ACTION ITEM: Each entry below must be given again word for word, with no pictures.

==== MATERIAL PROVIDED ====

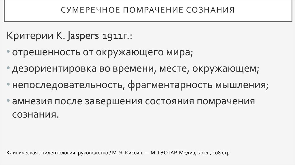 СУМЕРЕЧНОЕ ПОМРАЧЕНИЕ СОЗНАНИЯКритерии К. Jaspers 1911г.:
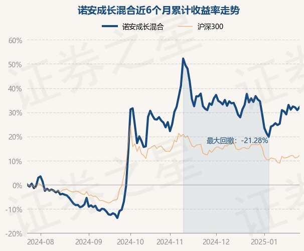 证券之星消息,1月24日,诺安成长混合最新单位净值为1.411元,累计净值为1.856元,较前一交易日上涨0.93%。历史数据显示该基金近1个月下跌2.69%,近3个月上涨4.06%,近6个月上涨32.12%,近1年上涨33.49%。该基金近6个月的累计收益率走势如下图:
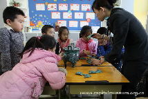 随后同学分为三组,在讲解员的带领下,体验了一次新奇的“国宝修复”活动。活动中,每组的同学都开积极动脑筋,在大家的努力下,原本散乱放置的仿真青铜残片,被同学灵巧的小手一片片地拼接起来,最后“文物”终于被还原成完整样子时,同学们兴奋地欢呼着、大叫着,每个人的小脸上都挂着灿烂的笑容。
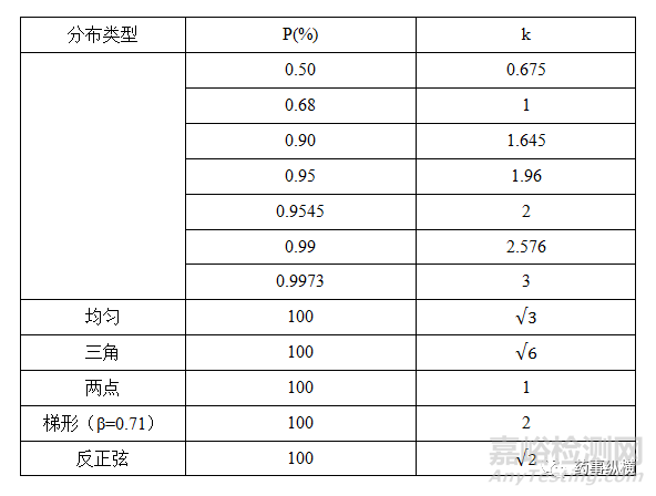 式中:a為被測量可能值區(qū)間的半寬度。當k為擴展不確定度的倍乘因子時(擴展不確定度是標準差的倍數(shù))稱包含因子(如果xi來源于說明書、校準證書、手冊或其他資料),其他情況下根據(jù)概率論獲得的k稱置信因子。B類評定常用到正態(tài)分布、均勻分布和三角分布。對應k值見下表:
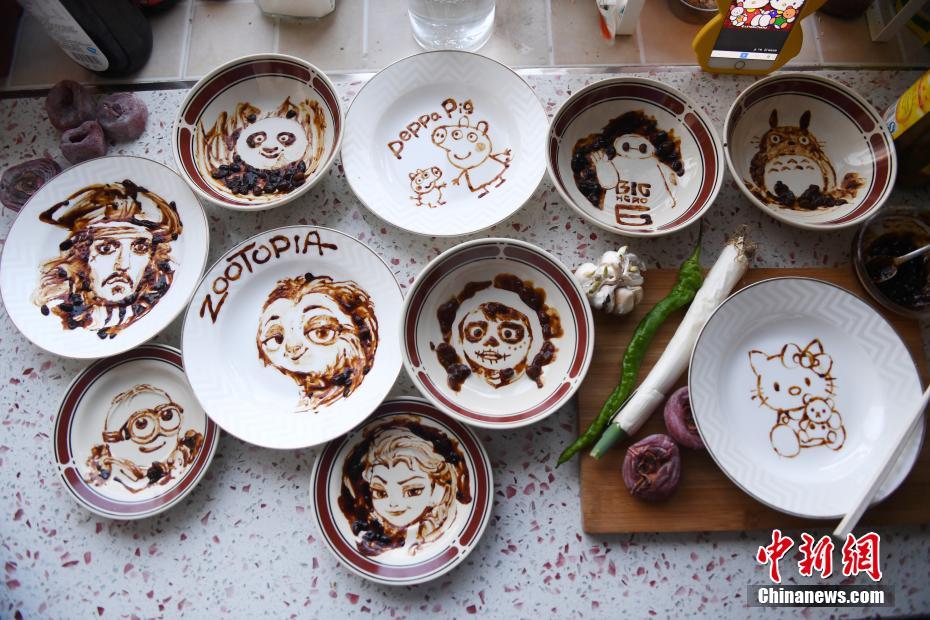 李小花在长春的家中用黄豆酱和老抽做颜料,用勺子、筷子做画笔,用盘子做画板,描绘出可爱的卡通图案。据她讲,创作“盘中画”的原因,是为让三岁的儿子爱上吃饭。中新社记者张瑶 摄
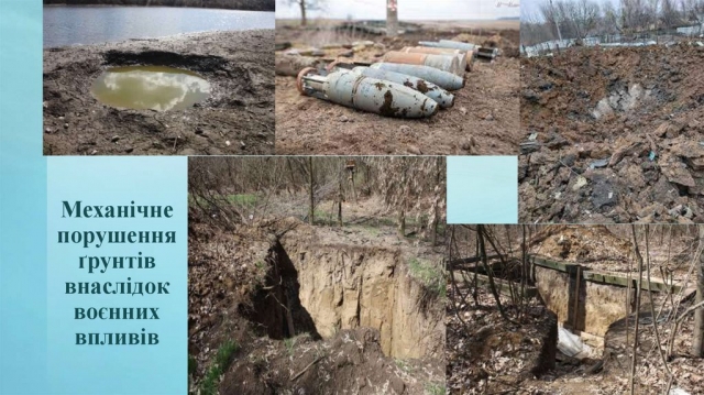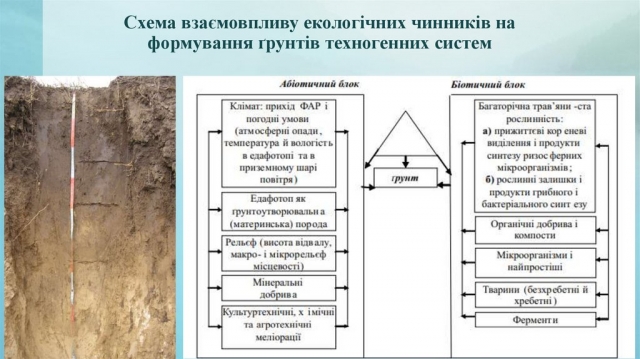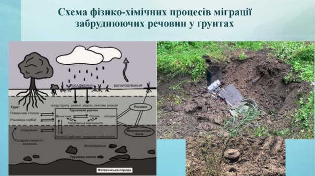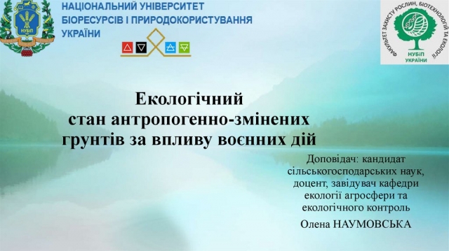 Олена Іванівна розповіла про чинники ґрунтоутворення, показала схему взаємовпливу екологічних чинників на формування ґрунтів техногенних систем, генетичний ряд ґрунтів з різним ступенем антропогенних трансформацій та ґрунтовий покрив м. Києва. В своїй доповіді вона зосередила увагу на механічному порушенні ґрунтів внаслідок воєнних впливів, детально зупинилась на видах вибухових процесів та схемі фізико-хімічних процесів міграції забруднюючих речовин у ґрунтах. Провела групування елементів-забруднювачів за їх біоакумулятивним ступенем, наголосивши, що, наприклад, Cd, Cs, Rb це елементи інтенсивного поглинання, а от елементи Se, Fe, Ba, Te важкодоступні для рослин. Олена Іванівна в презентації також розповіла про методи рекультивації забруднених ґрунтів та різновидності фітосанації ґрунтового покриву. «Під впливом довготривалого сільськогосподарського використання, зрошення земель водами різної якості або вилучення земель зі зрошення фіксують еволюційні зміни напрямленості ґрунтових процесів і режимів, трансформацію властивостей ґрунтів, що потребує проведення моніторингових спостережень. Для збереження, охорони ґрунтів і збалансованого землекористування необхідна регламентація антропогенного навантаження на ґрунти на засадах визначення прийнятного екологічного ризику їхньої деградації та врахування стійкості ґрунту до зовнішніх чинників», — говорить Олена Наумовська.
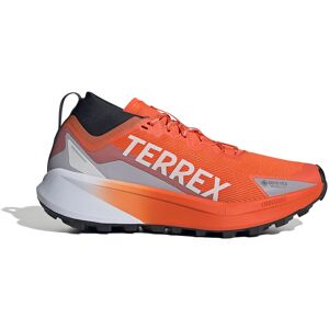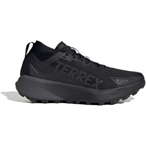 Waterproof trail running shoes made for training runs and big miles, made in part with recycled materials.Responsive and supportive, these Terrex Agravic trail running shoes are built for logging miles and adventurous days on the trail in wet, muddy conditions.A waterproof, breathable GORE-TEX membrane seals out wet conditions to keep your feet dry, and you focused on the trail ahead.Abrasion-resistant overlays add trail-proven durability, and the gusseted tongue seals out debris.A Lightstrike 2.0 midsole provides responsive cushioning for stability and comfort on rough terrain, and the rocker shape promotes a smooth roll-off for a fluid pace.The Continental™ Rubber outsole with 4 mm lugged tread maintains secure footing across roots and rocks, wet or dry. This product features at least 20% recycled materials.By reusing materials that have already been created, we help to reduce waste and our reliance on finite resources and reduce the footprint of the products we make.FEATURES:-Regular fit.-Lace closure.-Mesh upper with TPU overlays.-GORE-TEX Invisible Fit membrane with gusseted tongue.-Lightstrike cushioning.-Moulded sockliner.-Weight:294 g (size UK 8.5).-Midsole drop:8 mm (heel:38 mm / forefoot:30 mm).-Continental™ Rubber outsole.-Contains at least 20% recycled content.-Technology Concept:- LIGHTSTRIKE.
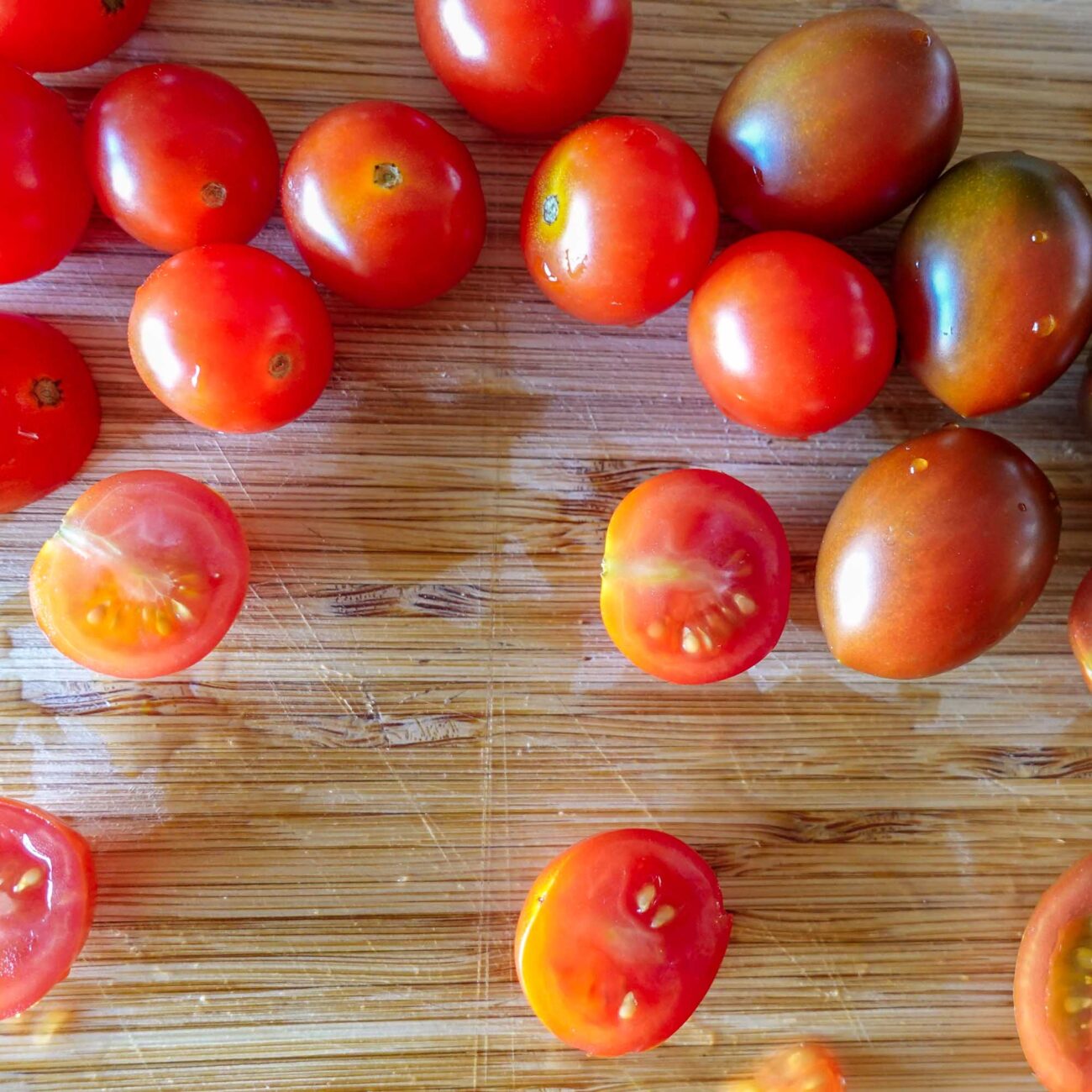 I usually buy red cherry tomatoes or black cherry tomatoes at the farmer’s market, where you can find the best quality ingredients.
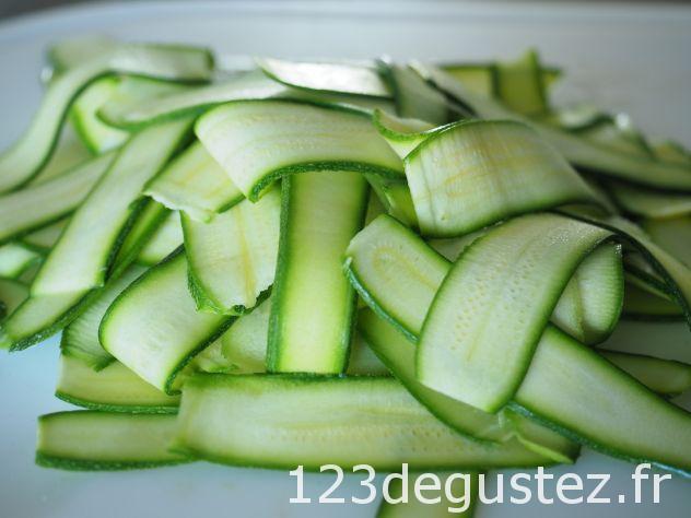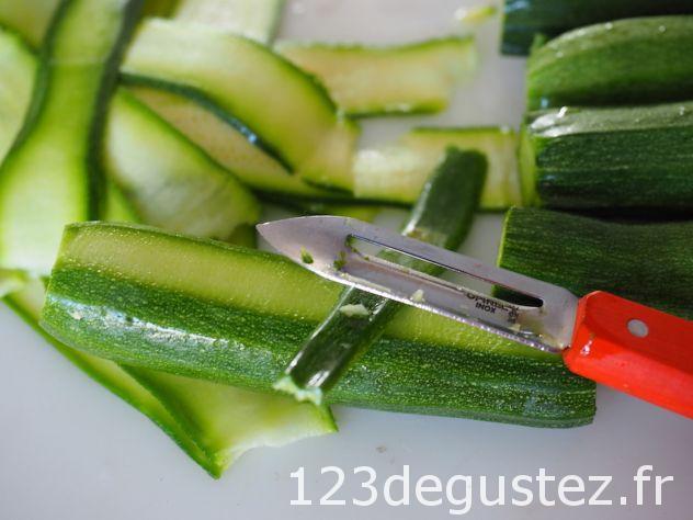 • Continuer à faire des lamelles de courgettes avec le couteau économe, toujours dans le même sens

====

ANSWER BOX:
 СУМЕРЕЧНОЕ ПОМРАЧЕНИЕ СОЗНАНИЯКритерии К. Jaspers 1911г.:
 证券之星消息,1月24日,诺安成长混合最新单位净值为1.411元,累计净值为1.856元,较前一交易日上涨0.93%。历史数据显示该基金近1个月下跌2.69%,近3个月上涨4.06%,近6个月上涨32.12%,近1年上涨33.49%。该基金近6个月的累计收益率走势如下图:
 随后同学分为三组,在讲解员的带领下,体验了一次新奇的“国宝修复”活动。活动中,每组的同学都开积极动脑筋,在大家的努力下,原本散乱放置的仿真青铜残片,被同学灵巧的小手一片片地拼接起来,最后“文物”终于被还原成完整样子时,同学们兴奋地欢呼着、大叫着,每个人的小脸上都挂着灿烂的笑容。
 式中:a為被測量可能值區(qū)間的半寬度。當k為擴展不確定度的倍乘因子時(擴展不確定度是標準差的倍數(shù))稱包含因子(如果xi來源于說明書、校準證書、手冊或其他資料),其他情況下根據(jù)概率論獲得的k稱置信因子。B類評定常用到正態(tài)分布、均勻分布和三角分布。對應k值見下表:
 李小花在长春的家中用黄豆酱和老抽做颜料,用勺子、筷子做画笔,用盘子做画板,描绘出可爱的卡通图案。据她讲,创作“盘中画”的原因,是为让三岁的儿子爱上吃饭。中新社记者张瑶 摄
 Олена Іванівна розповіла про чинники ґрунтоутворення, показала схему взаємовпливу екологічних чинників на формування ґрунтів техногенних систем, генетичний ряд ґрунтів з різним ступенем антропогенних трансформацій та ґрунтовий покрив м. Києва. В своїй доповіді вона зосередила увагу на механічному порушенні ґрунтів внаслідок воєнних впливів, детально зупинилась на видах вибухових процесів та схемі фізико-хімічних процесів міграції забруднюючих речовин у ґрунтах. Провела групування елементів-забруднювачів за їх біоакумулятивним ступенем, наголосивши, що, наприклад, Cd, Cs, Rb це елементи інтенсивного поглинання, а от елементи Se, Fe, Ba, Te важкодоступні для рослин. Олена Іванівна в презентації також розповіла про методи рекультивації забруднених ґрунтів та різновидності фітосанації ґрунтового покриву. «Під впливом довготривалого сільськогосподарського використання, зрошення земель водами різної якості або вилучення земель зі зрошення фіксують еволюційні зміни напрямленості ґрунтових процесів і режимів, трансформацію властивостей ґрунтів, що потребує проведення моніторингових спостережень. Для збереження, охорони ґрунтів і збалансованого землекористування необхідна регламентація антропогенного навантаження на ґрунти на засадах визначення прийнятного екологічного ризику їхньої деградації та врахування стійкості ґрунту до зовнішніх чинників», — говорить Олена Наумовська.
 Waterproof trail running shoes made for training runs and big miles, made in part with recycled materials.Responsive and supportive, these Terrex Agravic trail running shoes are built for logging miles and adventurous days on the trail in wet, muddy conditions.A waterproof, breathable GORE-TEX membrane seals out wet conditions to keep your feet dry, and you focused on the trail ahead.Abrasion-resistant overlays add trail-proven durability, and the gusseted tongue seals out debris.A Lightstrike 2.0 midsole provides responsive cushioning for stability and comfort on rough terrain, and the rocker shape promotes a smooth roll-off for a fluid pace.The Continental™ Rubber outsole with 4 mm lugged tread maintains secure footing across roots and rocks, wet or dry. This product features at least 20% recycled materials.By reusing materials that have already been created, we help to reduce waste and our reliance on finite resources and reduce the footprint of the products we make.FEATURES:-Regular fit.-Lace closure.-Mesh upper with TPU overlays.-GORE-TEX Invisible Fit membrane with gusseted tongue.-Lightstrike cushioning.-Moulded sockliner.-Weight:294 g (size UK 8.5).-Midsole drop:8 mm (heel:38 mm / forefoot:30 mm).-Continental™ Rubber outsole.-Contains at least 20% recycled content.-Technology Concept:- LIGHTSTRIKE.
 I usually buy red cherry tomatoes or black cherry tomatoes at the farmer’s market, where you can find the best quality ingredients.
 • Continuer à faire des lamelles de courgettes avec le couteau économe, toujours dans le même sens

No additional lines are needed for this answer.